We can build the dataflow graph up dynamically, extending the flow’s for a user’s universe the first time a query is executed. The amount of computation required on a base update can be reduced by sharing computation and cached data between universes. Implementing this as a joint partially-stateful dataflow is the key to doing this safely.
By reasoning about all users’ queries as a joint dataflow, the system can detect such sharing: when identical dataflow paths exist, they can be merged.
Logically distinct, but functionally equivalent dataflow vertices can also share a common backing store. Any record reaching such a vertex in a given universe implies that universe has access to it, so the system can safely expose the shared copy.
Just as user universes can be created on demand, so inactive universes can be destroyed on demand as well. Under the covers, these are all manipulations of the dataflow graph, which partially-stateful dataflow can support without downtime.
Since the prototype is serving reads from a pre-computed universe stored in memory cached results are fast and make for a very favourable comparison against MySQL. Writes are significantly slower though (about 2x) – much of this overhead is in the implementation rather than essential. Memory footprint is 0.5GB with one universe, and 1.1GB with 5,000 universes, introduces a shared record store for identical queries reduces their space footprint by 94%.
These results are encouraging, but a realistic multiverse database must further reduce memory overhead and efficiently run millions of user universes across machines. Neither Noria nor any other current dataflow system support execution of the huge dataflows that such a deployment requires. In particular, changes to the dataflow must avoid full traversals of the dataflow graph for faster universe creation.

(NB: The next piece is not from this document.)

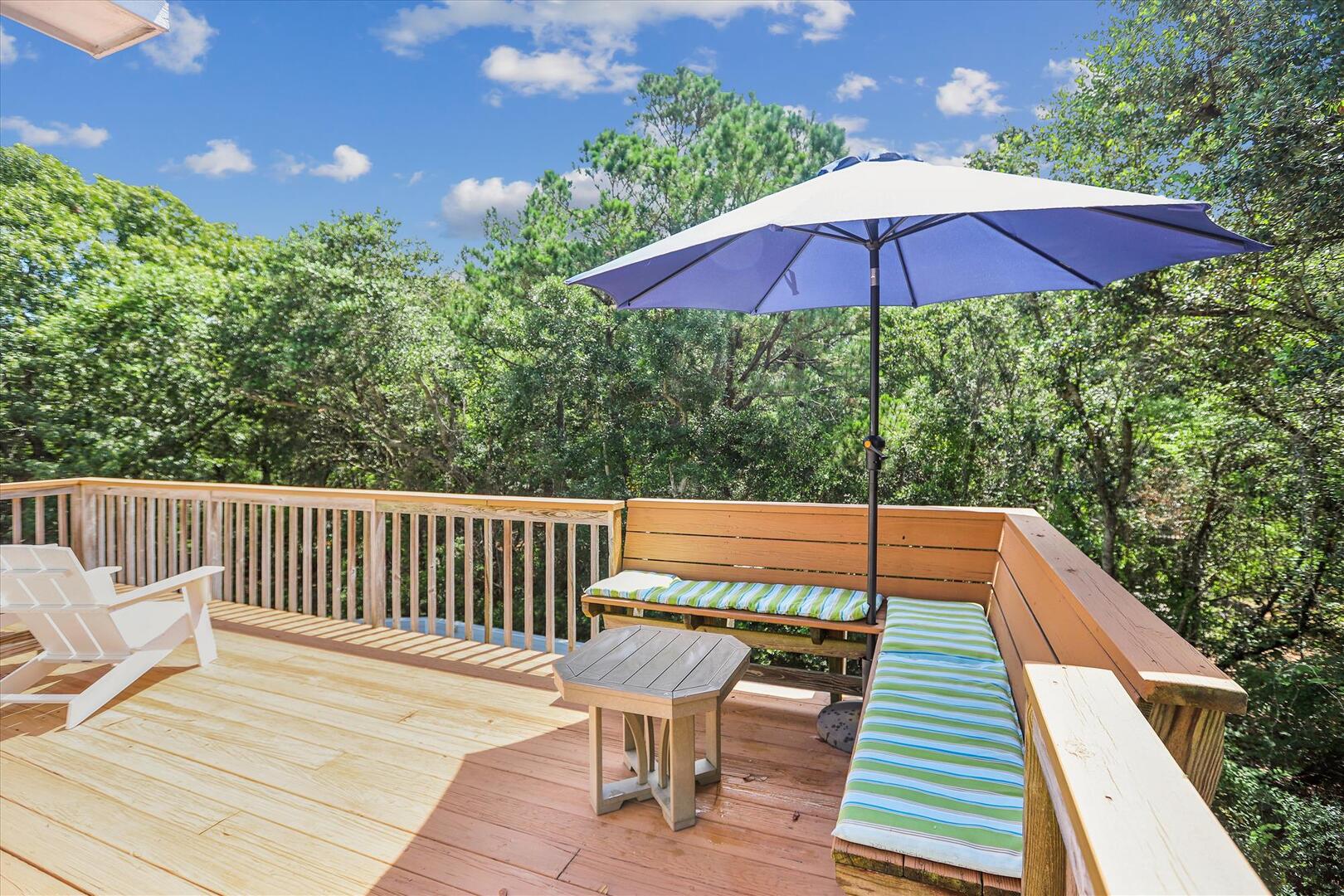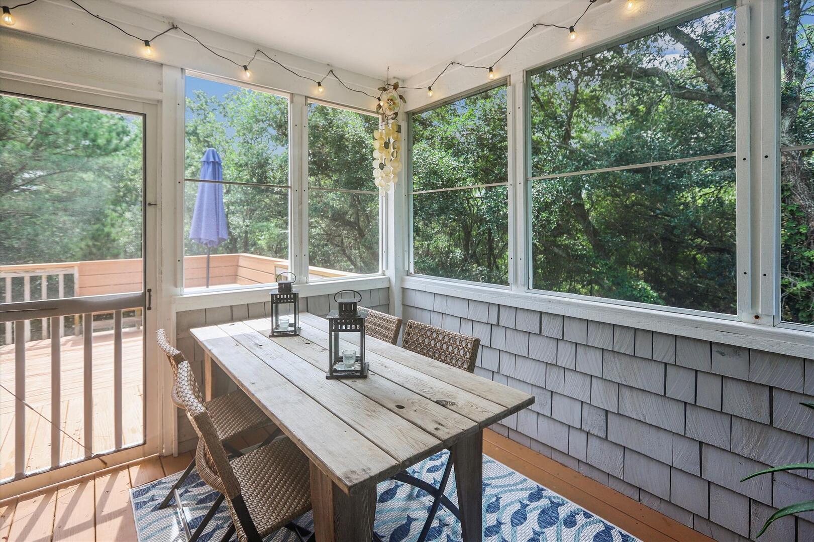 - Top Level: Living Area, Kitchen with breakfast bar, Dining Area, Screened Porch with Picnic Table

Support for write authorization policies (with some tricky consistency considerations for data-dependent policies) is future work, as is the development of a policy-checker (perhaps similar to Amazon’s SMT-based policy checker for AWS) to help ensure policies themselves are consistent and complete.
Our initial results indicate that a large, dynamic, and partially-stateful dataflow can support practical multiverse databases that are easy to use and achieve good performance and acceptable overheads. We are excited to further explore the multiverse database paradigm and associated research directions.